Der Wolf: Unkontrollierbar und triebhaft
Die Zwillinge Romulus und Remus, die Gründer der Stadt Rom, sollen als Babys in einem Fluss ertränkt werden. Allerdings findet eine Wölfin die Kinder, rettet und säugt sie. Rudyard Kipling nimmt Ende des 19. Jahrhundert das Bild der fürsorglichen Wölfe noch einmal auf und schreibt im „Dschungelbuch“ von einem Baby, das im Wald ausgesetzt wird. Auch hier tritt ein Rudel Wölfe als Retter und Familienersatz auf. Die Tiere ziehen das „Menschenkind“ Mogli groß.

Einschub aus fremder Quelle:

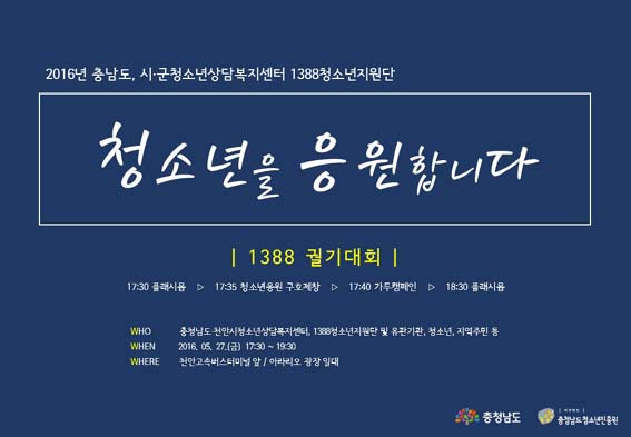 (Àç)ÃæÃ»³²µµÃ»¼Ò³âÁøÈï¿ø(¿øÀå Àå±â¼ö)Àº 5¿ù 27ÀÏ, û¼Ò³âÀÇ ´ÞÀ» ¸ÂÀÌÇØ Ãæ³²µµ³» 15°³ ½Ã¡¤±ºÃ»¼Ò³â»ó´ãº¹Áö¼¾ÅÍ¿Í °øµ¿À¸·Î ¡®Ã»¼Ò³âÀ» ÀÀ¿øÇÕ´Ï´Ù!¡¯¶ó´Â ½½·Î°ÇÀ¸·Î ¡®1388û¼Ò³âÁö¿ø´Ü 1388±È±â´ëȸ(ÀÌÇÏ 1388±È±â´ëȸ)¡¯¸¦ ½Ç½ÃÇÑ´Ù.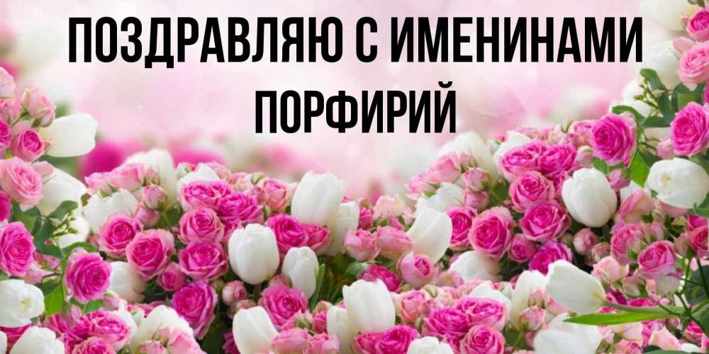 Открытка Поздравляю с именинами Порфирий. огромное количество роз на открытке. открытка с разными розами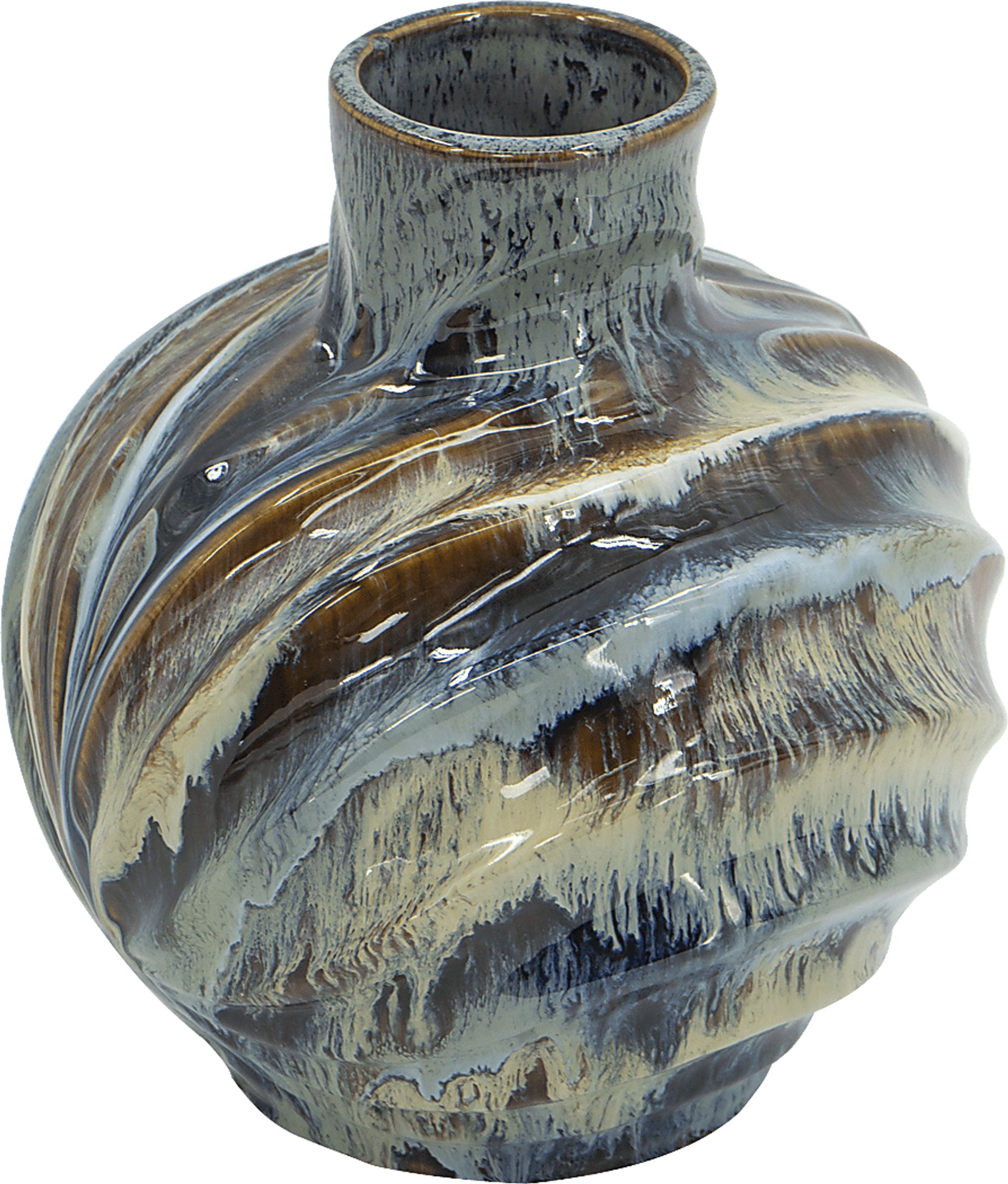 Crafted from high-quality ceramic and sporting an organic reactive glaze finish, the Zitlau III blue vase boasts an intriguing blend of blue and white colors across the curved surface. Perfect for use as a standalone decorative accent or as a vessel for a custom floral arrangement. This vase is an ideal size for your mantel, dresser, shelving unit, sideboard, desktop, tabletop, or anywhere throughout your home or office.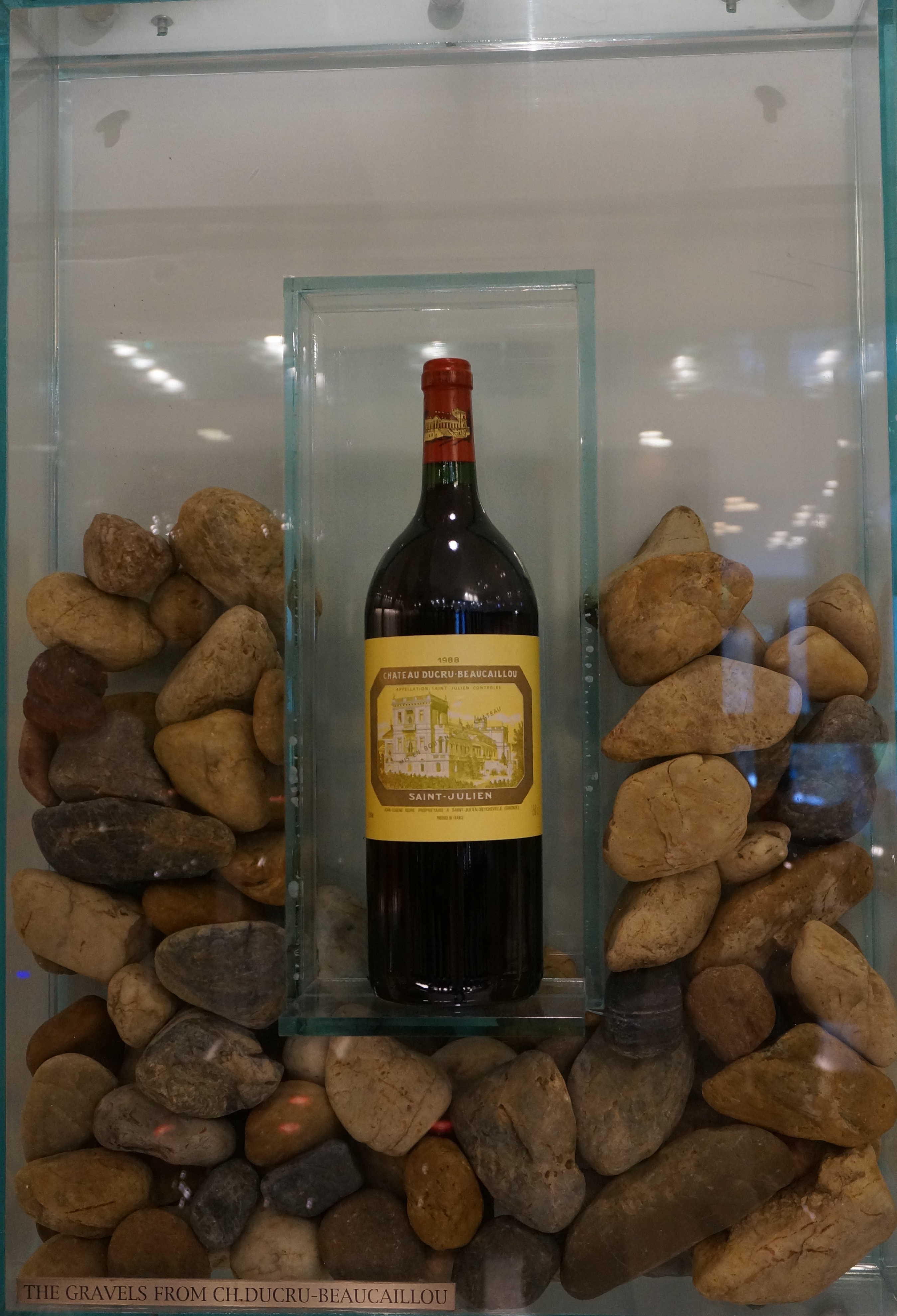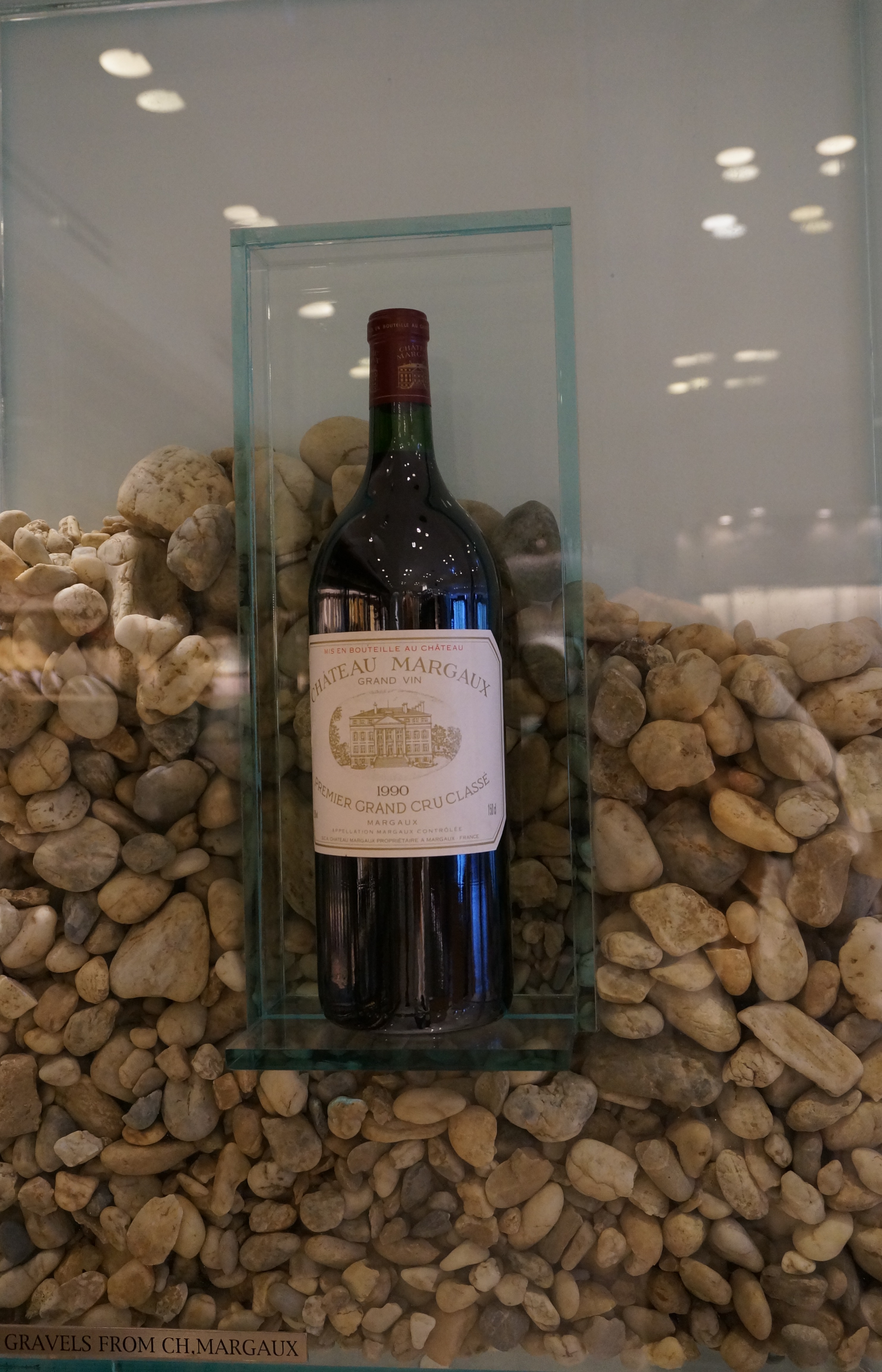 - シャトー・マルゴーのボトルと、畑に存在する多くの砂利石。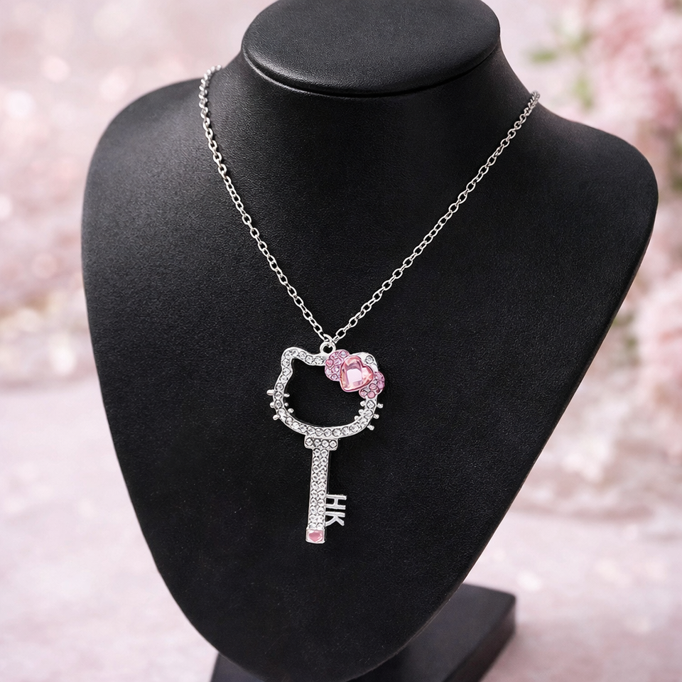 hello kitty necklace, hello kitty key necklace, sanrio jewelry, y2k hello kitty, kawaii necklace, hello kitty rhinestone, pink key necklace, hello kitty aesthetic, coquette jewelry, y2k jewelry, harajuku style necklace, hello kitty gift, swarovski hello kitty, sanrio official, 90s style jewelry, 90s aesthetic, gifts for mom, gifts for daughter, gifts for girlfriend, gifts for wife.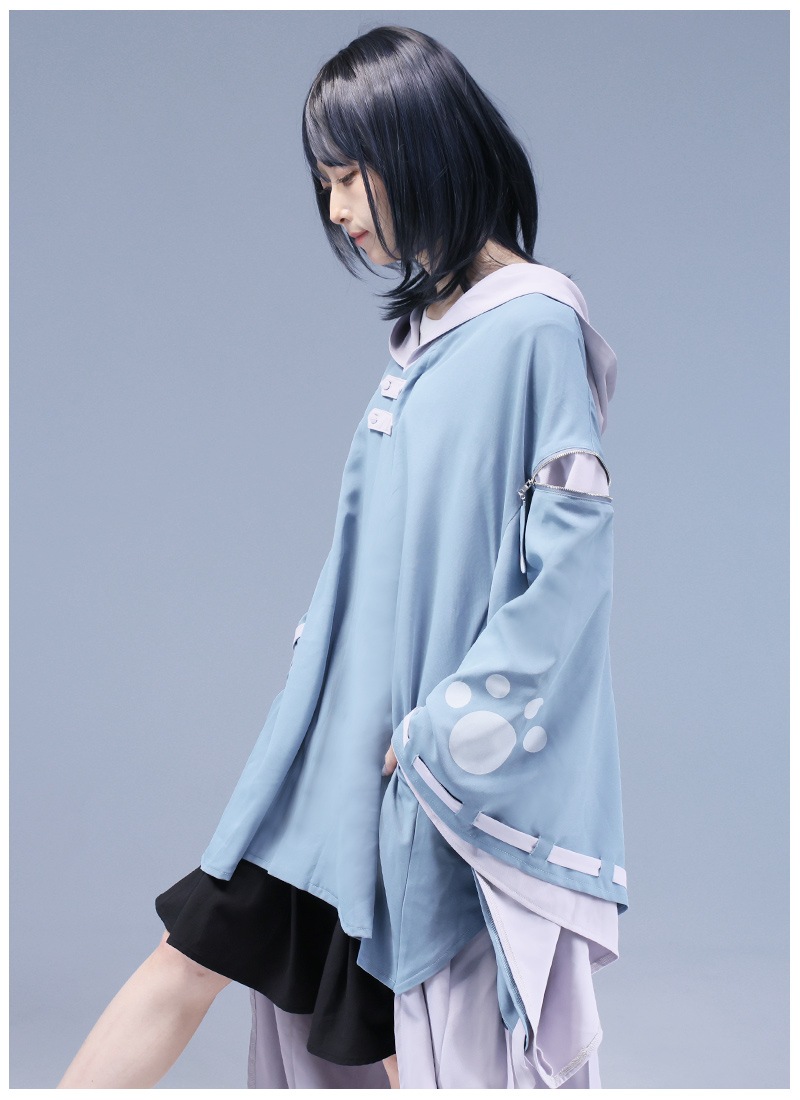 和袖の肉球プリントとはしごリボンベルトがアクセント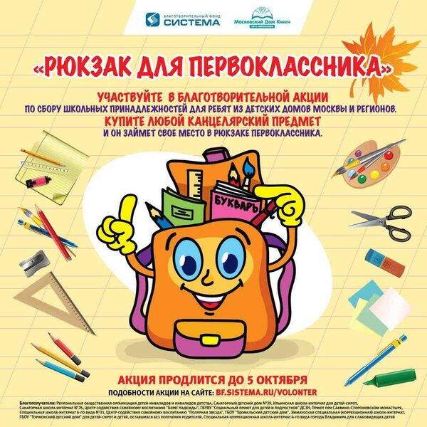 К началу нового учебного года по инициативе Благотворительного фонда «Система» и «Московского Дома книги» стартует волонтерская акция «Рюкзак для первоклассника» по сбору школьных принадлежностей для воспитанников детских домов Москвы и Московской области.
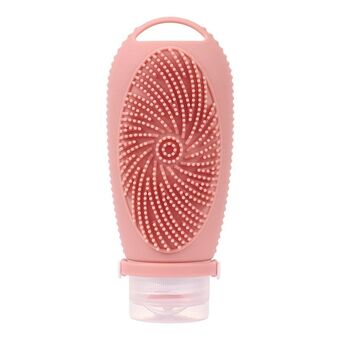 100ml 2 In1 Travel Dispenser Bottle Silicone Portable Massage Brush Shampoo Lotion Divider Bottle(Light Pink)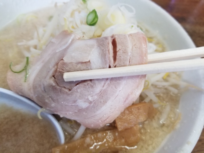 大量の背脂と塩っ辛いスープの荒々しい旨さは、やっぱりラーメンはこうでなくては!と思い知らせてくれる(^-^)

Durchsetzen konnte sich dieses Bild vom weisen und sorgenden Wolf in West- und Mitteleuropa allerdings nicht. Wohl zu beeindruckend oder auch angsteinflößend war das Tier. Kaum ein anderes in der Region heimische Raubtier kommt dem Menschen gerade bei der Jagd so nahe. Luchse und Bären greifen seltener Nutztiere an. Wölfe jagen im Rudel, auch das mag Unbehagen auslösen. Und manchmal töten sie mehr Beute, als sie fressen können, dann bleiben Kadaver liegen. Dem Wolf haftet der Ruf an, er reiße verschwenderisch.
In Geschichten, Mythen, Büchern und Filmen überwiegt deshalb bis heute das dunkle Bild vom Wolf. Er steht für das Unkontrollierbare und Triebhafte. Der römische Dichter Ovid legte mit seiner Erzählung „Metamorphosen“ den Grundstein für den Mythos vom Werwolf. Ovid schildert, wie der gottlose König Lykaon von Zeus in einen Wolf verwandelt wird. Das Auftreten der Werwölfe ist immer ähnlich: Sie sind grauenhaft hässlich, laufen schnell und geduckt, haben gelbe Augen und struppiges Fell.
Aus der Zeit der Hexenverfolgung sind auch Werwolf-Prozesse bekannt, bei denen den Angeklagten die Verwandlung in einen Wolf, Kindermord und Kannibalismus vorgeworfen wurde. Später tauchen Werwölfe in Michael Jacksons berühmtem Musikvideo „Thriller“ und in Gestalt des Lehrers Lupin in „Harry Potter“ auf.
Das Märchen vom Rotkäppchen gibt es übrigens länger als dessen Niederlegung in Grimms Märchenbuch. Forscher haben die Erzählung bis in das Mittelalter zurückverfolgt. In zahlreichen Versionen der Geschichte taucht am Ende kein Jäger auf, um Rotkäppchen und ihre Großmutter aus dem Bauch des Wolfs zu befreien. Die beiden bleiben verschwunden. Und der böse Wolf – triumphiert.